During Yorkey's tenure as Village Theatre's Associate Artistic Director, he developed a comprehensive new works program, Village Originals. The Village Originals program develops approximately ten new musicals each season, in various stages from reading to full production. Yorkey is credited with the development of over 50 new musicals, including the 2010 Broadway musical, Million Dollar Quartet, which was nominated for Best Musical, Best Book of a Musical, and won Best Performance by a Featured Actor (Levi Kreis) in a Musical at the 64th Tony Awards.

==Next to Normal and subsequent work==
Next to Normal began as a ten-minute-long piece called Feeling Electric, which recent college graduates Yorkey and Kitt wrote as a final project for the BMI Musical Theatre Workshop at the end of the 1990s.

Their inspiration was a segment about electroconvulsive therapy Yorkey saw on Dateline NBC.

Next to Normal was nominated for a total of eleven Tony Awards, including the Tony Award for Best Book of a Musical. The show won the 2009 Tony Award for Best Original Score, and Tony Award for Best Orchestrations. In 2010 Yorkey and Kitt were awarded the Pulitzer Prize for Drama for Next to Normal, citing "a powerful rock musical that grapples with mental illness in a suburban family and expands the scope of subject matter for musicals."

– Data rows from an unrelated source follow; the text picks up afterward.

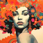 The bright colors and intricate designs create a dynamic and captivating aura, celebrating Afro-centric beauty and cultural heritage with a modern, artistic twist. The overall effect is both stunning and elegant, blending natural elements with abstract art in a harmonious and visually engaging way.
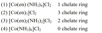 Complex $\left[\mathrm{Co}(\mathrm{en})_{3}\right] \mathrm{Cl}_{2}$ is most stable complex among the given complex compounds because more number of chelate rings are present in this complex as compare to others.
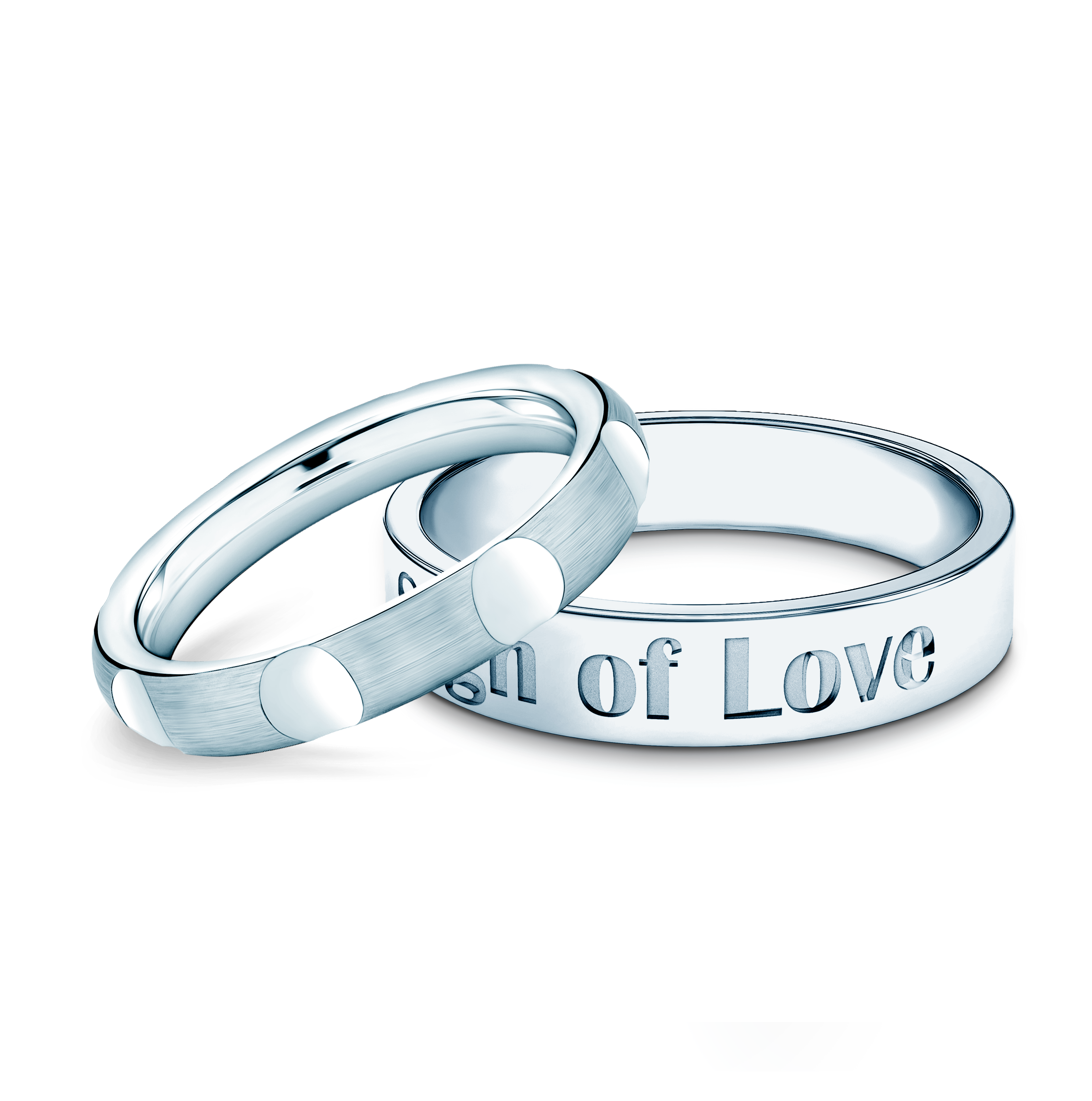 Obrączki partnerskie Sign of Love® wykonane z białego złota (próba 585) o szerokości 3,5mm, matowa i 4mm, polerowana, obrączka ta posiada grawer Sign of Love- na życzenie klienta grawerujemy dowolną sentencję.
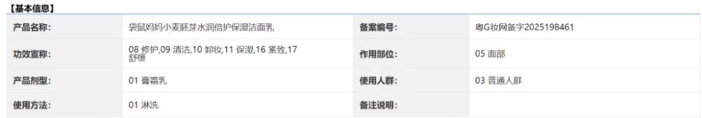 可凤凰网财经《公司研究院》在国家药监局国产特殊化妆品注册信息中查询发现,袋鼠妈妈小麦礼盒的五款核心产品——小麦胚芽水润倍护保湿洁面乳、柔肤水、保湿乳、维稳精华液、保湿霜,均无特殊化妆品注册信息。
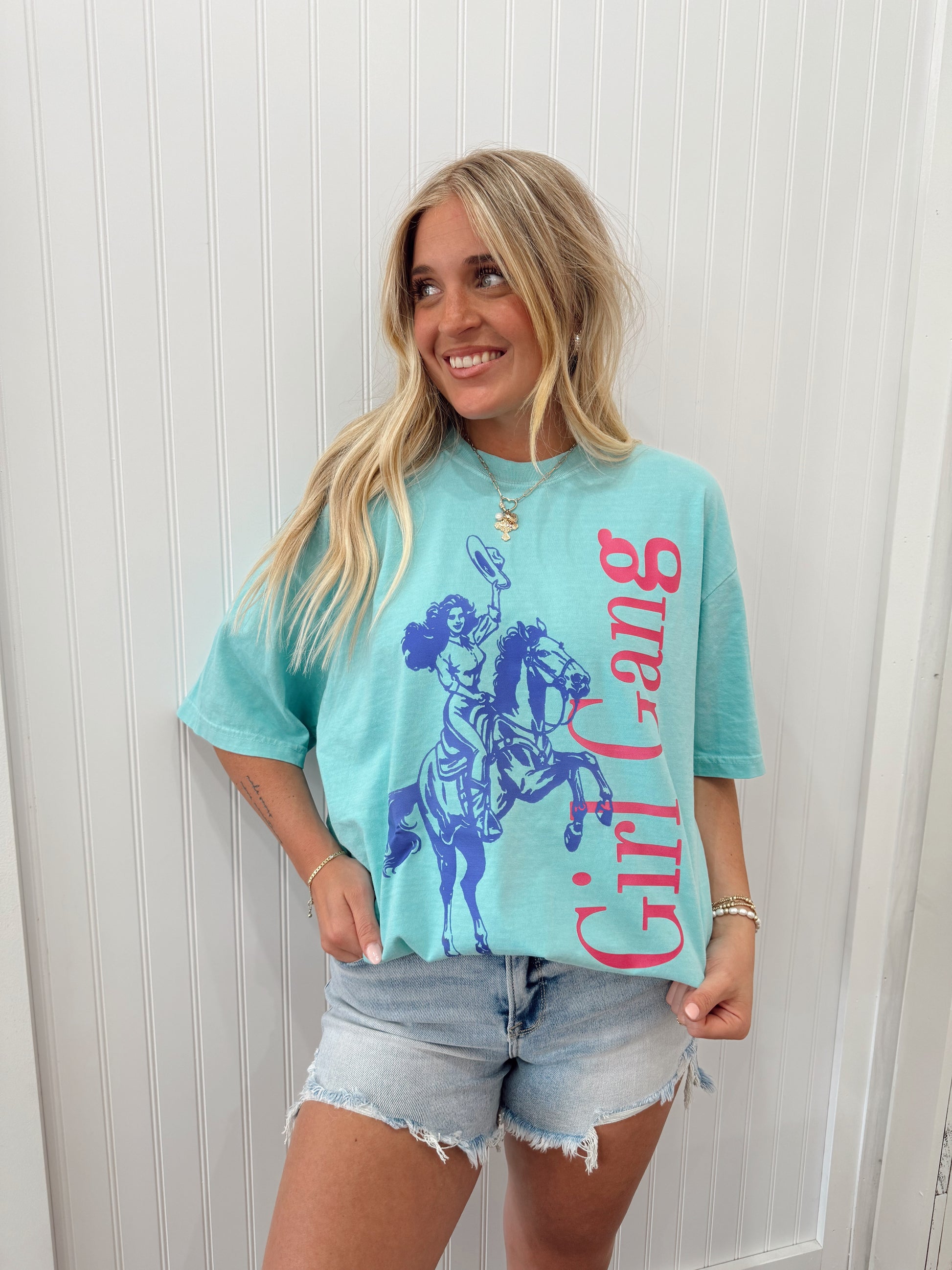 Saddle up for sunshine with our Girl Gang Tee, where bold Western vibes meet laid-back Southern charm! Printed on a Chalky Mint ultra-soft, 100% cotton Comfort Colors® Short Sleeve tee, this shirt bring you that vintage-washed, lived-in feel you love — in the brightest, happiest hues of the season.
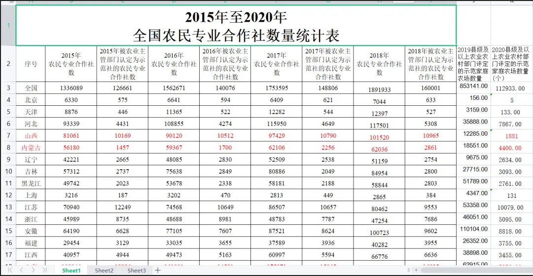 《中国农村经营管理统计年报》根据农村经营管理情况统计报表调查数据和分析报告编写而成。系统收录了全国各省份当年农村经营管理各项数据,包括农村经济基本情况、农村土地承包经营及管理情况、农村集体经济组织经营和财务状况、农民专业合作组织发展、农村集体资产财务管理,农村经营管理机构队伍、农村经营管理信息化等,还收录了当年农村经营管理情况统计系列分析报告。18年以后 中国农村经营管理统计年报改名 分成了《中国农村合作经济统计年报》 和 《中国农村政策与改革统计年报》!需要把两个年报结合使用~统计内容极其丰富,几乎涵盖了合作经济的所有指标,而且细分到省!
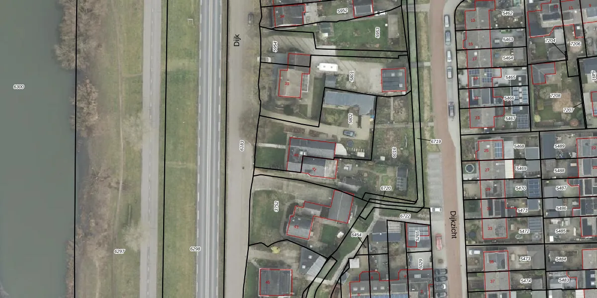 Het perceel waarop Dijk 40 staat heeft een oppervlakte van 738 m². Dit is een groot perceel. De perceeloppervlakte wordt geregistreerd door het Kadaster. Gedetailleerde informatie over de maten van dit perceel kunt u vinden in het rapport Kadastrale kaart met maatvoering van Dijk 40.
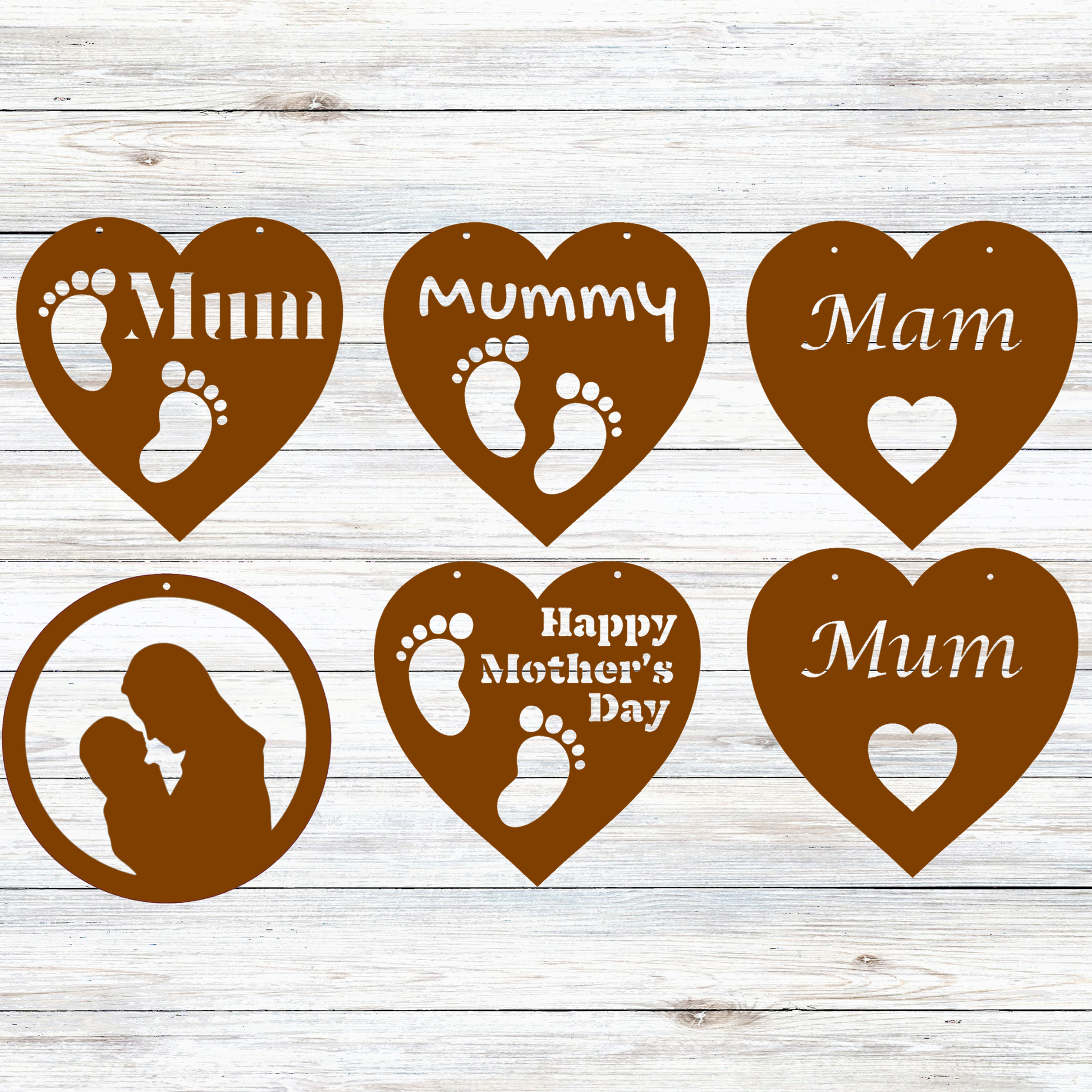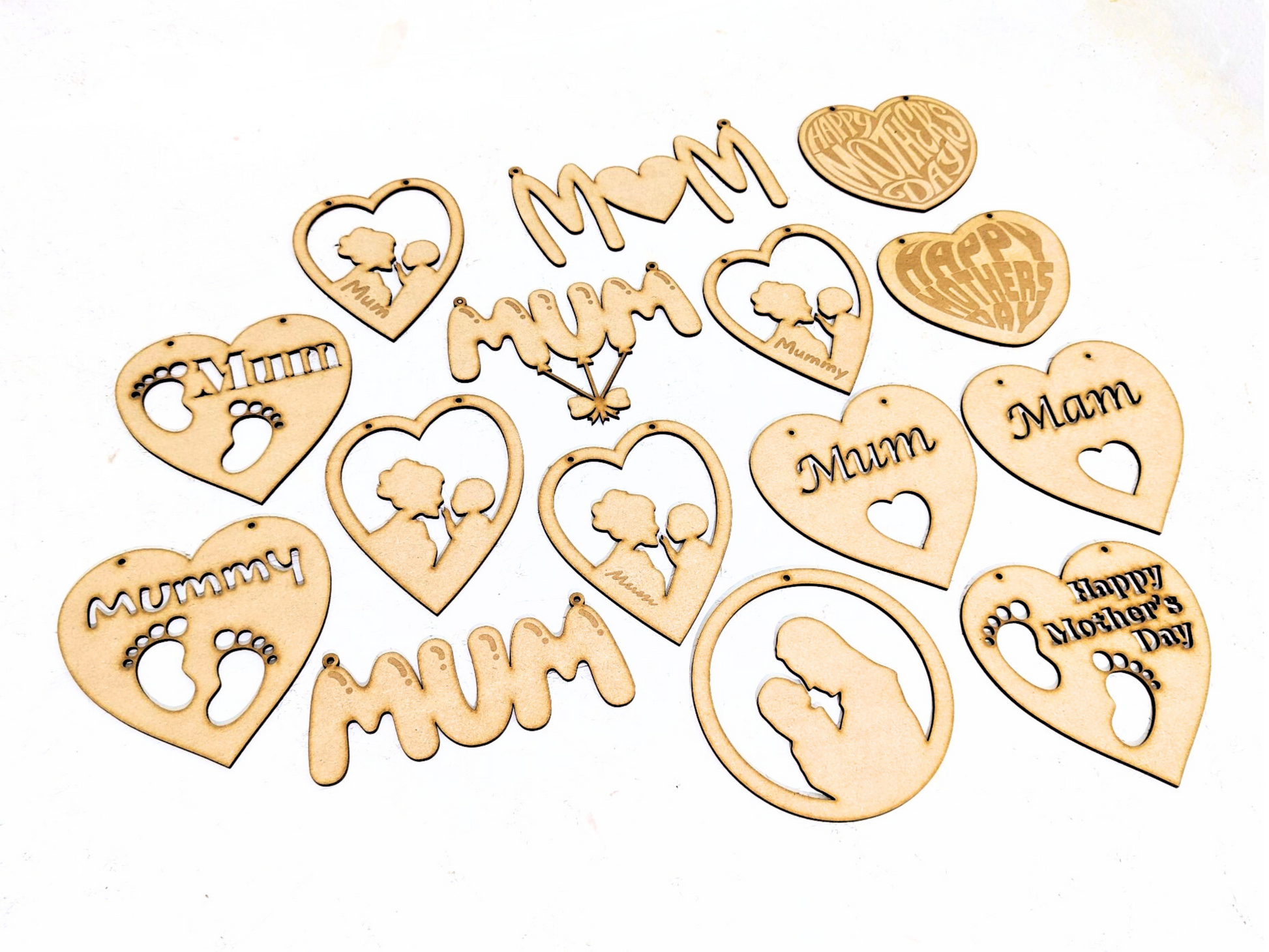 Mother's Day Hangers Laser Cut Digital File. Hanging Decoration Vector laser template cut file DXF SVG Ai EPS Glowforge pdf. Mum Gift
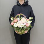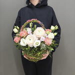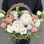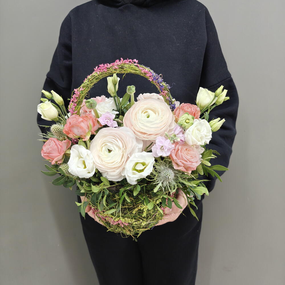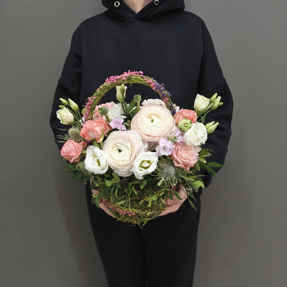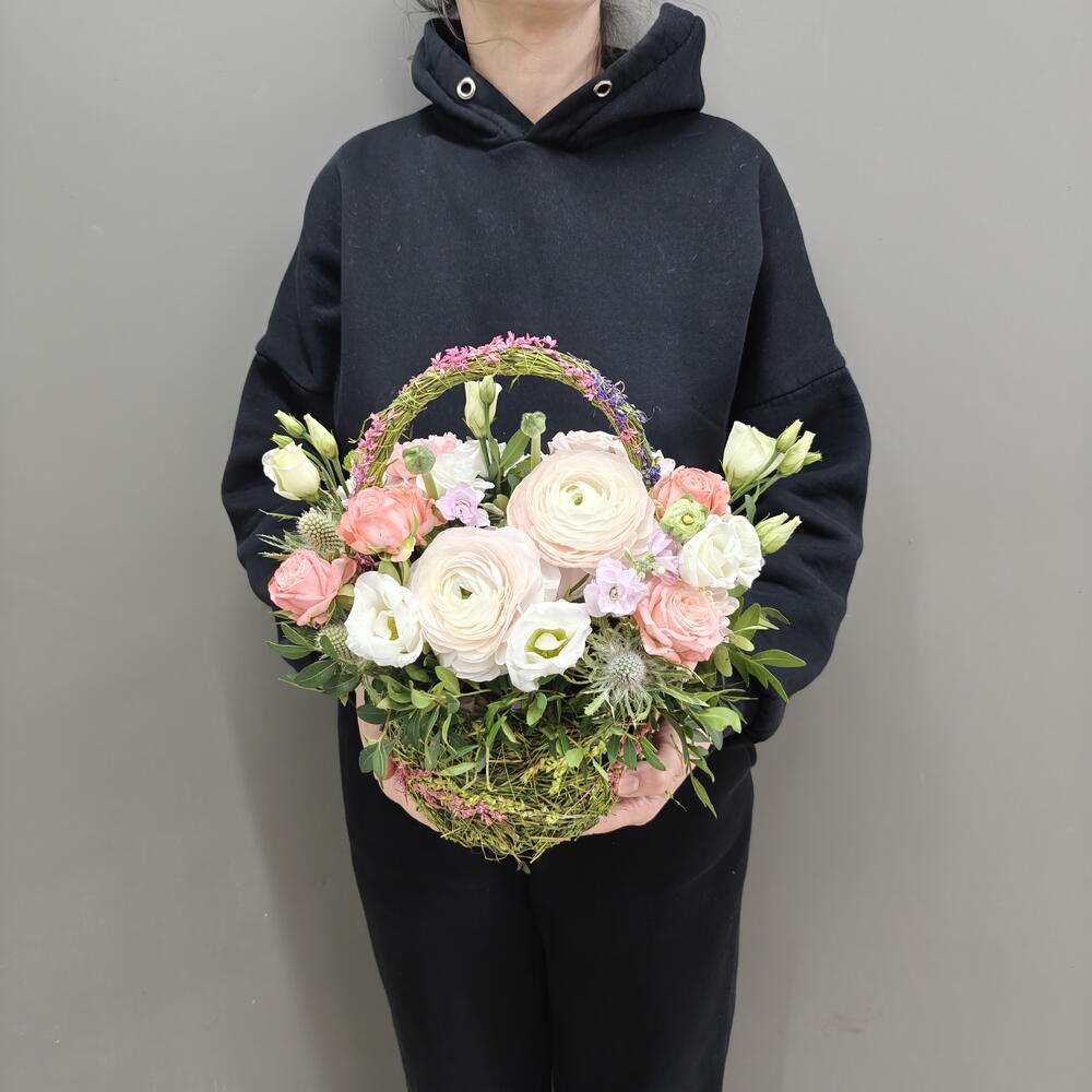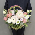 Корзина лесная с цветами ранункулюс, роза, эустома
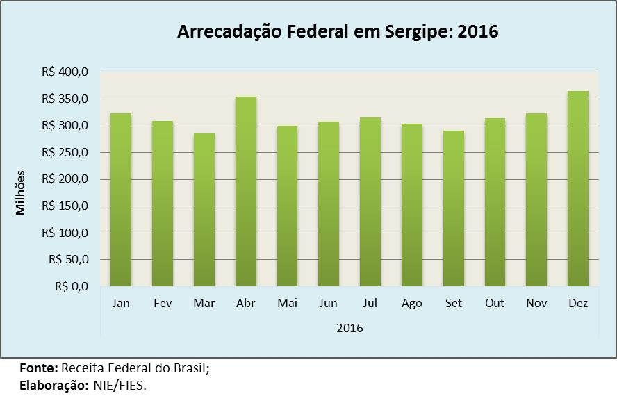 Análise realizada pelo Boletim Sergipe Econômico, parceria do Núcleo de Informações Econômicas (NIE) da Federação das Indústrias do Estado de Sergipe (FIES) e do Departamento de Economia da UFS, com base nos dados da Receita Federal, verificou que a arrecadação, de dezembro de 2016, ultrapassou os R$ 364,3 milhões, assinalando crescimento real de 12,3%, considerando o efeito da inflação no período, medido pelo Índice Nacional de Preço ao Consumidor Amplo (IPCA), quando comparado aos tributos recolhidos no mês imediatamente anterior, novembro do ano passado. Também foi observado aumento real de 8,1% em relação a arrecadação de dezembro de 2015.

In 2013, Yorkey's musical with Kitt, If/Then, starring Idina Menzel, LaChanze, and Anthony Rapp, had its pre-Broadway try-out at The National Theatre in Washington, D.C. The musical subsequently opened on Broadway on March 30, 2014. The musical garnered a Tony Award nomination and Outer Critics Circle nomination for Best Original Score for Kitt and Yorkey, as well as a nomination for Best Performance by a Leading Actress for Menzel.

In 2014, Yorkey's collaborative work, with Sting and co-librettist John Logan, The Last Ship opened on Broadway. The musical is loosely based on Sting's album The Soul Cages (1990). It opened on September 29, 2014. Yorkey and Logan were nominated for an Outer Critics Circle Award for their book.

He co-wrote the book and lyrics, with Melanie Burgess, to Jesus in My Bedroom, an original musical, with a score by Tim Symons. Jesus in My Bedroom received a reading at Village Theatre's 13th Annual Festival of New Musicals.

He wrote the music, with Kitt, for a musical version of Freaky Friday with librettist Bridget Carpenter. Freaky Friday is produced by Disney Theatrical Productions, and had its World Premiere at the Signature Theatre (Arlington, Virginia) in October 2016. The musical began performances at the La Jolla Playhouse, San Diego, on January 31, 2017 running to March 12. The cast features Emma Hunton and Heidi Blickenstaff.

===Film and television===
Yorkey adapted Jay Asher's bestselling novel, 13 Reasons Why, for Netflix, Paramount Television and Anonymous Content. Spanning four seasons, the series ran from March 2017 to June 2020. While the first season earned positive reviews, the rest were poorly received.

He scripted Sluts for Lionsgate Films. His first feature film pitch, Time After Time, sold in a bidding war to Universal Pictures. It is now fast tracked at Lionsgate/Summit with Bradley Buecker directing. Yorkey is adapting Next to Normal's film adaptation for Anonymous Content and an untitled fashion musical for Paramount Pictures, Walter Parkes and Laurie MacDonald. Yorkey and Kitt are also developing Score!, a theatre camp musical for Robert Downey Jr. to star in for Warner Bros.

More recently, he signed deals with Netflix to start the Echoes limited series, and adapt Neal Shusterman's book Game Changer into a series.

===Future theatrical projects===
Yorkey was working with Tom Kitt on a musical adaption of Magic Mike, with Roberto Aguirre-Sacasa writing the book. According to various news sources, on May 2 and 3, 2019, the creative team of Kitt, Yorkey and Aguirre-Sacasa have left the project and a private workshop that had been scheduled for the week of May 3 has been cancelled.